A note on biometrics and privacy. A common worry — identified in research where nearly 70% of users mistakenly believed their fingerprint was sent to websites — is that biometric data could be stolen in a breach (Lassak et al., 2021). It cannot. When you use a fingerprint or face scan with a passkey, your biometric data stays entirely on your device. It is used only to unlock the local cryptographic key. The website never sees, receives, or stores your biometric information. This is true for Apple's Face ID and Touch ID, Android's biometric system, and Windows Hello.

Conclusion

The authentication landscape is shifting beneath our feet.

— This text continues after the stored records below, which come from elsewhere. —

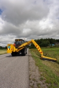 Deze zware armklepelmaaier is geschikt voor trekkers vanaf 150 pk, maar belangrijker is een minimaal gewicht van 8500kg en een CAT 3 hef. De klepelarm is uniek in zijn soort door zijn aandrijving, bereik en werkbreedte. Ook kan de klepelarm hydraulisch naar achteren draaien dat tevens de aanrijbeveiliging is. De aandrijving van de klepelbak gebeurd met de 1000rpm aftakas, er zitten 3 zware automatisch gespannen V-snaren naast elkaar langs de giek aan beiden kanten. Deze brengen de pk's van de trekker zo rechtstreeks naar de klepelbak met minimaal verlies, geen hydrauliekpompen en/of motoren. Het bewegen van de machine gebeurd door 4 dubbelwerkende ventielen rechtstreeks op de trekker, dus geen extra elektronica en/of ventielenblokken. Er zit hydraulische bodemdruk ontlasting op door middel van een accumulator die je onder druk zet. De machine is uit te voeren met een 2,1m brede hamer klepelbak of een 2,1m brede ketting maaier. Voordelen van de ketting maaier zijn met moeiteloos omver maaien van dik opschot, geen zuigende werking zoals een klepelbak en geen scherpe messen. Het voordeel van een klepelbak is dat hij netter werk levert. Door het contragewicht van 700kg hangt de machine stabiel achter de trekker zonder extra stabilisatie. Het bereik is 7,2m vanuit het hart van de trekker tot de buitenkant van de klepelbak. Een super combinatie met de 5,2m front uitvoering. Er is ook nog een 5,2m achter uitvoering.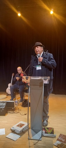 La table ronde "Poésie et résistance", animée magistralement par Laurent DOUCET, a permis de réfléchir ensemble sur le rôle de la poésie dans les moments de violence historique ou politique et de répression, avec des exemples concrets. Les deux invités d'honneur de cette table ronde étaient : Aytekin KARAÇOBAN, poète et traducteur franco-turc (auteur chez Mars-A d'une "Anthologie de la poésie turque de 1950 à nos jours" et du recueil "Le silence sous la langue" Prix Rimbaud 2023), et Francis Combes, poète et éditeur (Le temps des Cerises). Marie VIROLLE a lu le poème de Mahmoud Darwich "Carte d'identité" et présenté le n°21 de la revue A où se trouve un important dossier "Paroles pour un peuple et une terre - Gaza Palestine (voir photo 11, de g. à dr. : Marie Virolle, Aytekin Karaçoban, Laurent Doucet, Francis Combes, Christian Viguié).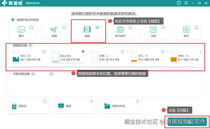 第二步: 打开软件,先在文件类型上勾选【视频】 ,然后再选择要进行扫描的磁盘,最后再点击右下角的扫描,然后软件便开启扫描工作了。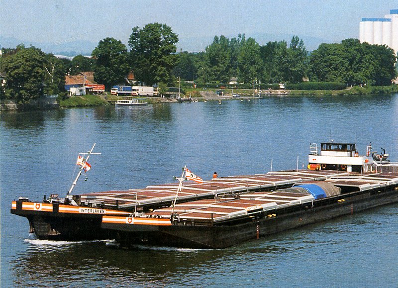 Schubgütermotorschiff INTERLAKEN mit auf Seit gekoppelten Schubleichter NATDAM 1 in Basel beim Dreiländereck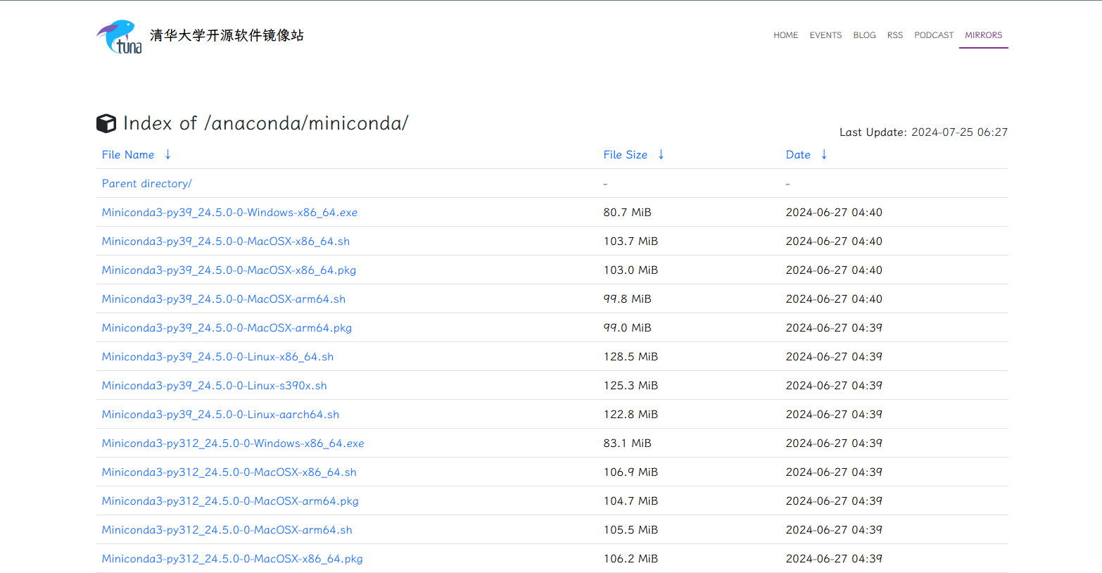 这里选择从清华源下载:https://mirrors.tuna.tsinghua.edu.cn/anaconda/miniconda/?C=M&O=D

Passwords, for all their familiarity, are a technology whose fundamental weaknesses have been understood for decades (Bonneau et al., 2012). SMS-based 2FA, while better than nothing, is a restricted and actively discouraged method due to SIM-swapping and network interception vulnerabilities that have been empirically demonstrated (Lee et al., 2020; Temoshok et al., 2025). Authenticator apps occupy a solid middle ground but remain susceptible to sophisticated real-time phishing.

Passkeys and hardware security keys represent a genuine step change. They are the first widely deployable authentication technologies whose phishing resistance has been both formally proven in cryptographic analysis (Barbosa et al., 2021) and validated at scale in practice — Google's experience of zero account takeovers across 85,000+ employees stands as the most compelling real-world evidence (Krebs, 2018). With over a billion passkeys already activated and major platforms making them the default, the transition is underway.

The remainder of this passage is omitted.